Captain Llewelyn was lying inertly on his acceleration couch, surrounded by a horseshoe of bulky consoles; a well-built sixty-eight-year-old oriental with skin as smooth as any adolescent. His eyes were shut as he handled the datavise from the flight computer.

“Have you been here before?” Terrance asked.

“I stopped over two days, that was thirty-five years ago when I was a junior officer in a different company. Don’t suppose it’s changed much. Plutocrats put a lot of stock in stability.”

“I’d like you to talk to the other captains for me, the independent trader starships we want to hire. I haven’t exactly done this kind of work before.”

Oliver Llewelyn snorted softly. “You let people know what kind of flight you’re putting together, then start flashing that overloaded Jovian Bank credit disk around, and you’ll be beating them off with a stick.”

“What about the mercenaries and general troops?”

“The captains will put you in touch. Hell, the combat boosted will pay the captains for an introduction. You want my advice, delegate. Find yourself ten or twenty officer types with some solid experience, and let them recruit troops for you. Don’t try and do it all yourself. We haven’t got time, for a start. Rexrew gave us a pretty tight schedule.”

“Thanks.”

“You’re paying, remember?”

“Yeah.” It had taken twenty thousand fuseodollars just to get Oliver Llewelyn to agree to take the Gemal to Tranquillity. “Not part of my LDC contract,” the captain had said stubbornly. Money was easier than datavising legal requirements at him. Terrance suspected it was going to cost a lot more to take the Gemal back to Lalonde. “You sound like you know what you’re talking about,” he said, mildly intrigued.

“I’ve flown a lot of different missions in my time,” the old captain said indifferently.

“So where do I meet these starship captains?”

Oliver Llewelyn accessed a thirty-five-year-old file in his neural nanonics. “We’ll start at Harkey’s Bar.”

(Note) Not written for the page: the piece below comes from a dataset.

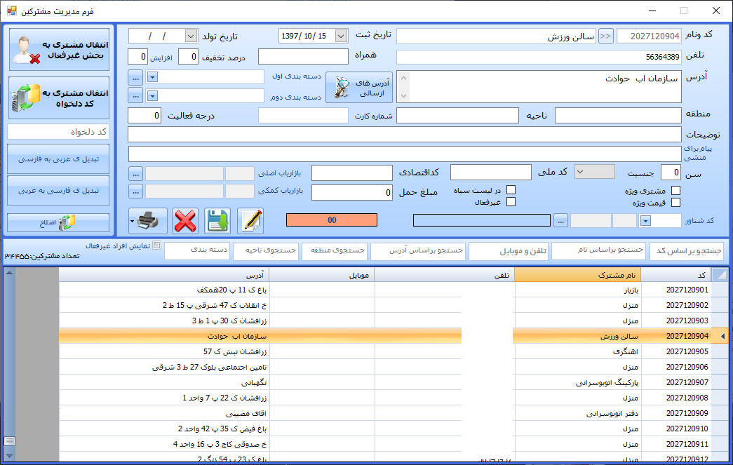 امکان جستجو اشتراک بر اساس موبایل نام و آدرس و تلفن

Fifteen hours later Terrance Smith had to admit that Oliver Llewelyn had been perfectly correct. He didn’t need to make any effort, the people he wanted came to him. Like iron to a magnet, he thought, or flies to shit. He was sitting in a wall booth, feeling like an old-style tsar holding court, receiving petitions from eager subjects. Harkey’s Bar was full with starship crews hunched around tables, or concentrating in small knots at the bar. There was also a scattering of the combat boosted in the room. He had never seen them before, not in the flesh—if that’s what it could be called. Several of them resembled cosmoniks, with a tough silicon outer skin, and dual—even triple—lower arms, sockets customized for weapons. But the majority had a sleeker appearance than the cosmoniks, whose technology they pilfered; they’d been sculpted for agility rather than blunt EVA endurance, although Terrance could see one combat boosted who was almost globular, his (her?) head a neckless dome, with a wrap-around retinal strip, grainy auburn below its clear lens. The lid rippled constantly, a blink moving round and round. There were four stumpy legs, and four arms, arranged symmetrically. The arms were the most human part of the modified body, since only two of them ended in burnished metal sockets. He tried not to stare at the assembled grotesqueries, not to show his inner nerves.